Neural compensation in presymptomatic hAPP mouse models of Alzheimer's disease

Martine Ammassari-Teule 1
PMCID: PMC7433654  PMID: 32817305

Abstract

Largely inspired from clinical concepts like brain reserve, cognitive reserve, and neural compensation, here we review data showing how neural circuits reorganize in presymptomatic and early symptomatic hAPP mice to maintain memory intact. By informing on molecular alterations and compensatory adaptations which take place in the brain before mice show cognitive impairments, these data can help to identify ultra-early disease markers that could be targeted in a therapeutic perspective aimed at preventing rather than treating cognitive deterioration.

Since the beginning of their production and utilization, one critical issue with rodent models of neurodegenerative diseases has been that mutations, which cause disease-specific neuropathological hallmarks, do not necessarily produce phenotypic alterations (Crawley 2008). Despite the large consensus that no model can entirely recapitulate the peculiarities of human disorders (Kreiner 2015), models devoid of face validity have been systematically discarded for their inadequacy to unveil causal relationships between neural and clinical symptoms. The consequence of discarding such models has been to leave in the shadow the heuristic importance of understanding why disease-specific neural alterations were not triggering disease-specific phenotypes.

Meanwhile, clinical imaging investigations carried out in ageing and Alzheimer's disease (AD) patients revealed that individuals could maintain intact cognitive abilities thanks to a redistribution of neural activity across brain regions unequally affected by amyloid load (Stern 2009, 2012). A large body of evidence then demonstrated that this redistribution basically occurs via overactivation of canonical circuits that compensates for their decreased efficiency, or recruitment of alternative regions with lower levels of neurodegeneration (Barulli and Stern 2011; Stern et al. 2019), these alternative pathways of reserve being simultaneously present in cognitively normal older adults (Oh et al. 2018). Although these findings demonstrate that neuronal networks rearrange to face cognitive demand, the synaptic mechanisms, which support these rearrangements, are still poorly understood due to limitations of in vivo subcellular imaging in human AD brains (Stern 2017).
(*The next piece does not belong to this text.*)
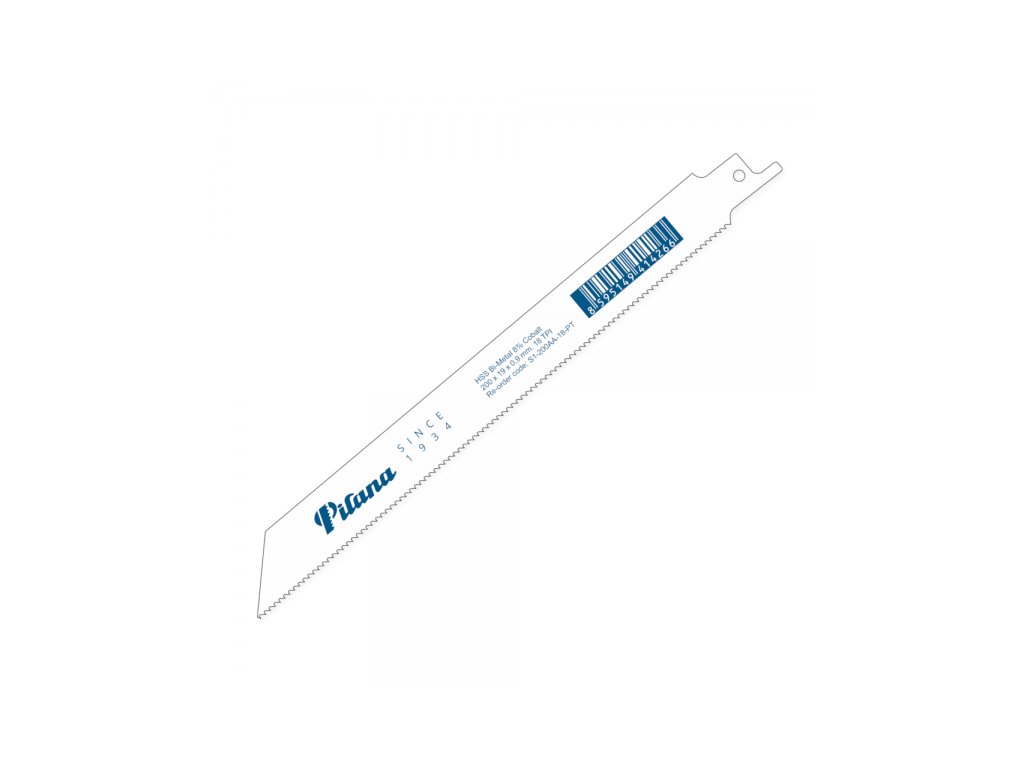 Šavlové pilové plátky – listy HSS bimetalové, pro řezání ocelí, balení 5 kusů – Pilana Vysoce výkonné a odolné pilové listy, určené pro řezání tvrdých materiálů, včetně nerez ocelí. Bimetalová konstrukce z rychlořezné ocel HSS (High-Speed Steel) s příměsí kobaltu pro extra výdrž. Ozubení (počet zubů na palec – TPI): 10/14 TPI: řezání trubek, profilů, tyčí a plechů o tloušťce 5-9 mm 14 TPI: řezání trubek, profilů, tyčí a plechů o tloušťce 4-7 mm 18 TPI: řezání trubek, profilů a plechů o tloušťce 2-5 mm 24 TPI: řezání tenkostěnných trubek, profilů a plechů o tloušťce 1,5-3 mm 32 TPI: řezání tenkostěnných trubek a plechů o tloušťce <1,5 mm Technická data: Rozměry: 150 x 19 x 1,3 mm Typ listů: UNIVERSAL reciproční pilový list – tvar S1 Jakost oceli: 8 % kobaltová HSS bimetalová ocel Tvrdost zubů: 64-66 HRC Tvrdost těla: 50 +/- 2 HRC Upínání: 12,7 mm (univerzál) Barva: bílá (RAL 9016)Doplňkové parametry
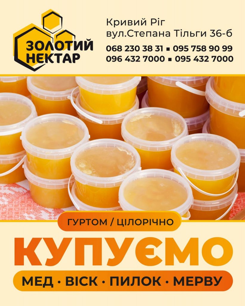 Компанія закуповує мед соняшник, ріпак оптом без антибіотика від 500 кг. Ціна договірна. Додаткова інформація за телефонами: (096) 432-70-00, (095) 4 ...

By concurrently monitoring the activity of circuits and synapses in AD mice, Palop et al. (2007) provided the first evidence that the aberrant, epileptic-like, increase in hippocampal network activity was accompanied by a progressive compensatory increase of inhibitory activity at hippocampal synapses. This increase being observed in fully symptomatic AD mice prevented, however, to consider it as a potential cognitive reserve mechanism. Indeed, a paradox of studies carried out in hAPP mutant mice is that despite the age-related progression of AD-like symptoms is well-characterized (Middei et al. 2006; Ferguson et al. 2013) the functional status of their neural networks has been poorly examined at podromal stages, and mostly under naive conditions. Thus, exploring how circuits and synapses reorganize under cognitive challenge at the very onset of, or even before, the manifestation of clinical symptoms offers the undisputable advantage of informing on the primary molecular alterations involved in neurodegeneration, and the compensatory neural adaptations which develop to contrast cognitive deterioration. Here we review data which demonstrate the presence of neural compensation phenomena in hAPP mice, and which shed light on the molecular alterations that play a role in brain circuits reorganization.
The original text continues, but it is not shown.